Question :
I am using SQL Server 2016, and trying to join a table onto itself, but the query is very slow, and it seems its because SQL Server is refusing to use the indexes.
If you’ll excuse the crudity of this example, I have a table like this…
TABLE [Balances] (
account_id NCHAR(20),
balance_date DATE,
balance INT,
next_balance_date DATE
)
… and I essentially want to do this query:
SELECT [t1].*, [t2].[balance] [next_balance]
FROM [Balances] [t1]
LEFT JOIN [Balances] [t2]
ON [t1].[next_balance_date] = [t2].[balance_date]
AND [t1].[account_id] = [t2].[account_id]
The problem is that no matter what index I try to put onto this table, SQL Server insists on doing a hash match. Which is slow on this large database.
And I currently have the following indexes:
NONCLUSTERED INDEX [idx_acc_date] ON [Balances] ([account_id] ASC, [balance_date] ASC)
NONCLUSTERED INDEX [idx_acc_nextdate] ON [Balances] ([account_id] ASC, [next_balance_date] ASC)
What indexes should I be creating to speed-up this query?

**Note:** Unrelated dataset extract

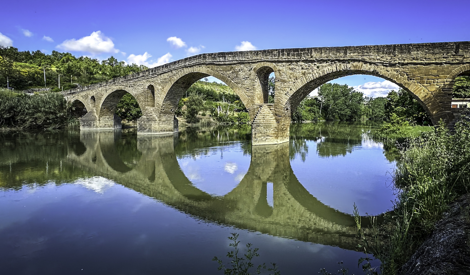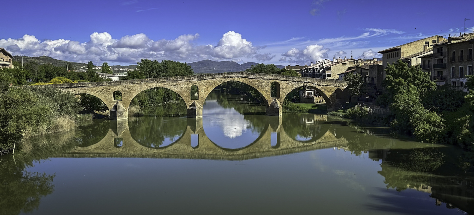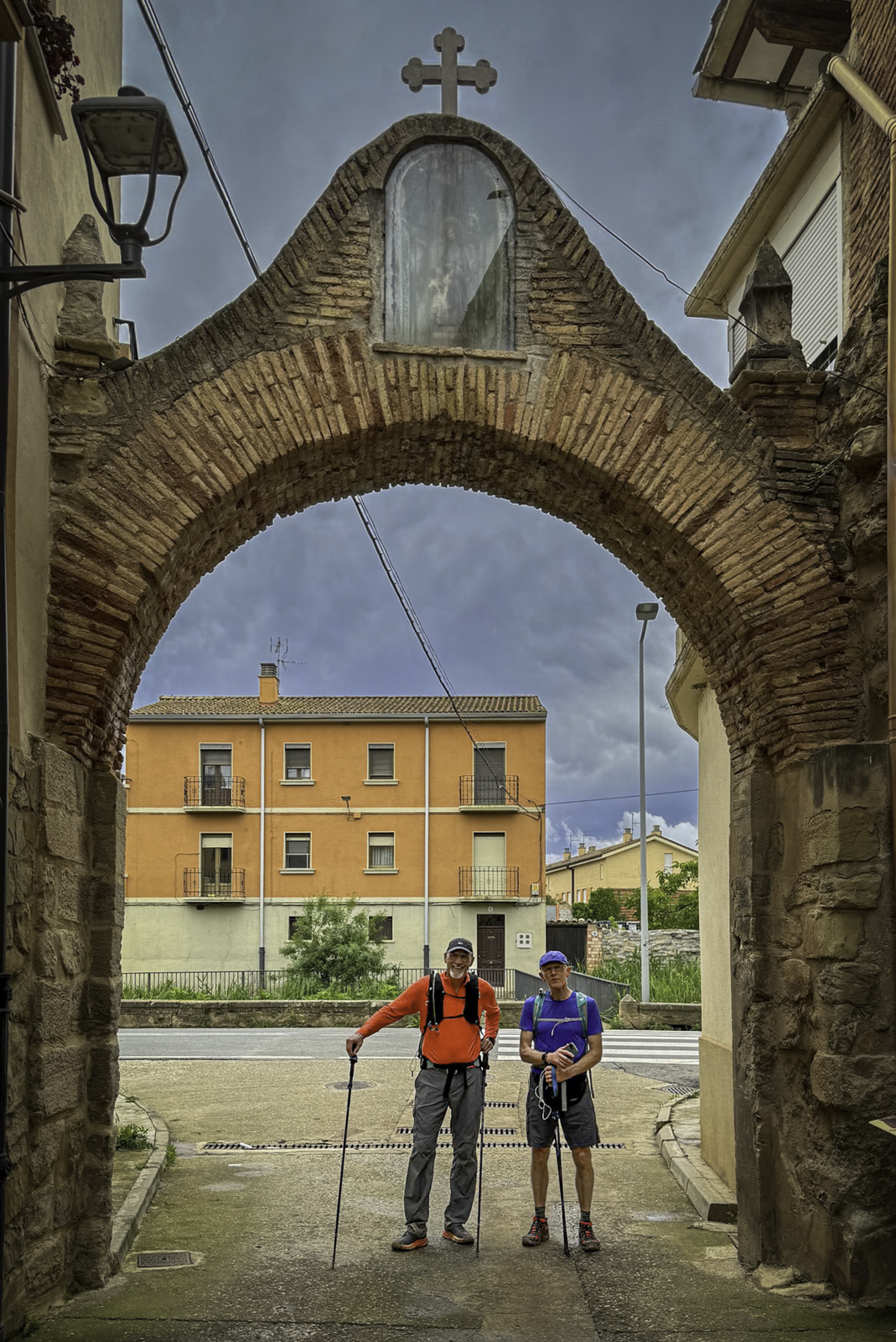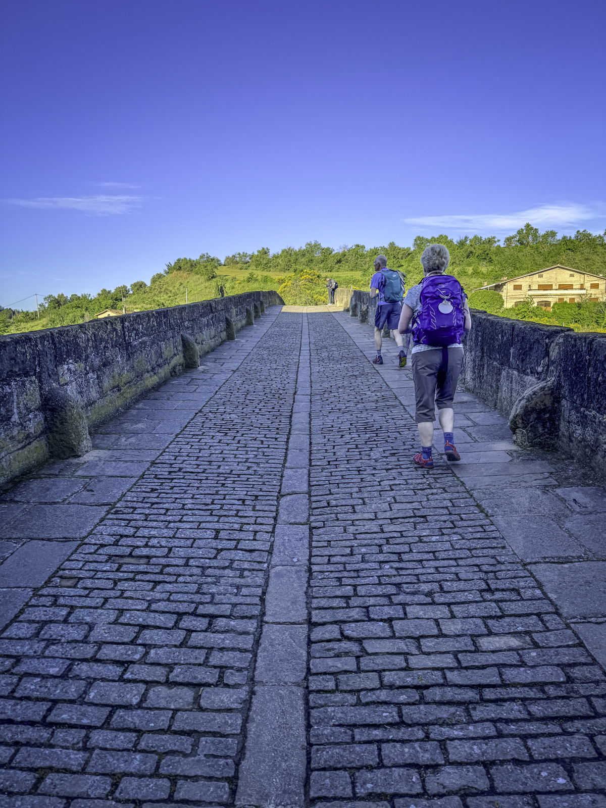 Leaving the Jakue Hotel with Maggie and Gordon we pass under the connecting arch of Iglesia del Crucifijo and Padres Reparadores, and past the beautiful 12th century Iglesia de Santiago. Then we crossed the famous XIIthC “Queen’s Bridge”, Puente la Reina, one of the most beautiful and historically significant bridges on the Camino, connecting pilgrims traveling from both the French and Aragonese routes. The bridge spans the Arga River with six graceful arches, each varying slightly in size, giving it a distinctive, uneven yet elegant profile. Its construction is Romanesque, with large, well-cut stone blocks forming the arches and piers, which have withstood centuries of use by pilgrims, merchants and locals. The view from the bridge is picturesque, with the reflections in the calm river below and the charming medieval town on either side.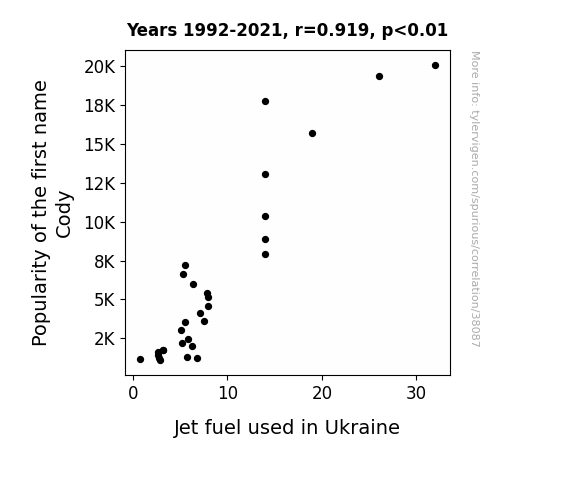 This means 84.5% of the change in the one variable (i.e., Jet fuel used in Ukraine) is predictable based on the change in the other (i.e., Popularity of the first name Cody) over the 30 years from 1992 through 2021.

(As a small note on the data – all of the balance_dates are as at month end, and therefore the same goes for the next_balance_date. Also, each account_id only has one entry at each balance_date.)
Answer :
There are 2 options:
1. Create clustered index by account_id. Delete all other indexes.
2. Add new column Balance_ID INT IDENTITY(1,1)
and create clustered index on that column. Create another non-clustered index on ONLY one column account_id
.
The second option is more preferable because it is much faster. You join INT
only by 4 bytes. While your current queries join by 40 bytes. That means your current operation is 10 times more expensive.
Also, ask yourself couple of questions:
– Do you really need have Account_ID as Unicode?
– Can you convert Account_ID to INT or BIGINT?
Hopefully, you’ve got my point.
ADDITION:
- You create clustered index on only one column. Technically, you can do it on multiple, but the main goal to have it as short as possible.
- If you created clustered index on
account_id
you DO NOT NEED any other indexes on that column. - I can guess that your performance improved because before there was no Clustered index and indexes were so bad that SQL decided to do full table scan instead.
- Suggestion: read a book about Indexes, their differences and how they work.